I worked for an organisation which slowly reduced the number of staff over the course of several years. We went from a team of about 14 full time down to about 4. Reasons for this were unknown, but we suspected it was part financial mismanagement and part of a general money saving culture. The workload did reduce over that time period very very slightly, but certainly not by the same factor of the staff reduction! I ended up doing about 3.5 people's jobs. I decided in order to emerge from the situation with my mental health intact I needed to put in place some serious boundaries....these were:

  • Only doing overtime if it benefitted me directly. For example, if I was taking on a new project and getting familiar with everything, it was worth doing the extra work in order to save hassle later on. It is easier spending more time on a project in the early stages when things are quiet than trying to "catch up" when things are in full swing.
  • If something can be resolved by an email then do that. Some clients we worked with loved meetings to seemingly justify their existence. These waste time as issues are only discussed, never actioned in a meeting.
  • If there was something "mission critical" that would affect business continuity (or the missed deadline would be of great detriment to my personal reputation), then I would do the overtime. In reality these type of scenarios only cropped up very rarely.
  • If anyone internal questioned why xyz wasn't progressing, then I would tell them straight i.e. we have no staff and it will get done when it gets done". If clients questioned, then they were told various things depending on how important the relationship was.
  • Ruthless prioritising and tracking of tasks. Then working on those tasks with laser focus and not getting distracted by other issues "kicking off" in my inbox. Sometimes easier said than done.

I would then log on at 9am and finish at 5pm. I would also take 1 hour for lunch.

Thankfully my direct manager understood the horrendous situation and was supportive. I imagine trying to implement the above boundaries if the culture is "overtime for all" would be much more difficult.

What kind of tasks are you working on during your overtime? Is it just general everyday tasks, or things which need doing or everything falls apart?

Outofideas79 · 12/10/2023 10:00

@6strings1song the times I work overtime generally sit withing the boundaries of what you specified. So if something will fail of those things are not done or my professional reputation would be threatened. Last week we had an event to deliver, so the things that needed doing had a strict, immovable deadline.

OP posts:
CesareBorgia · 12/10/2023 10:04

OP, do you work with a lot of people who are on much higher salaries?

It can be an issue when you are on a modest salary that doesn't justify working 'round the clock' but others you work with are on the kind of £100k + salary where that can be reasonably expected. They expect you to be around when they are without considering that you're not really being paid enough to do that.

The only thing you can do is to set firm boundaries and manage expectations - 'I'll get back to you on that by midday tomorrow' rather than staying late to do it. Decline meetings (with alternative time proposal) that are outside your hours.

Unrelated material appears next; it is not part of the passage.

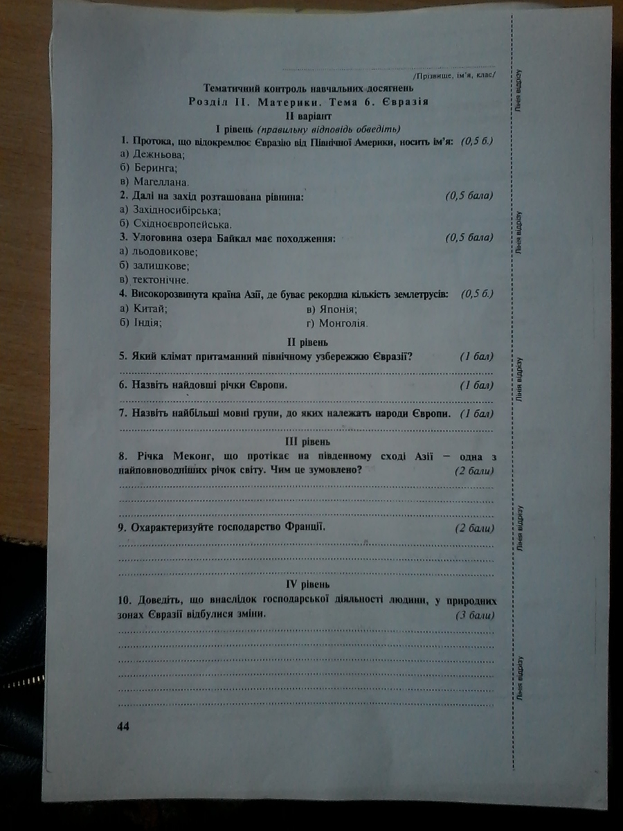 1 а). 2) б. 3)в. 4)в. 5) в п¡вн¡чн¡й частин¡ эвраз¡¡ характерной кл¡мат арктичного типу,духе холодна зима ¡ не даже тепле л¡то 6) 1 м¡сце Волга 2 м¡сце Дунай 3 м¡сце Дн¡про 4 м¡сце Дон 5 м¡сце Печора якщо треба довжини тод¡ ( 3530 км,2850,2201,1870,1809. 7) 1 Англ. мова 2 ) Французька мова 3) ¡спанська мова

If there is a genuine 'all hands on deck' emergency, take the TOIL as soon as you can afterwards rather than accruing lots of it.

CattingAbout · 12/10/2023 10:14

I work in the civil service - my office is basically a ghost town by about 5.10 pm. Only senior managers are expected to do anything over their contracted hours.

OP, it sounds like the unpaid overtime culture is very entrenched where you work, so would take a lot of bravery and assertiveness to challenge. I think quiet quitting followed by a change of job (I'd go public sector) might be the safer option.

Surreyclaire · 12/10/2023 10:18

Its part of the deal in a well paid job its why many people work in a less well paying job when they have kids or in later life

Surreyclaire · 12/10/2023 10:19

If you don’t want to do it maybe look for a job at a council??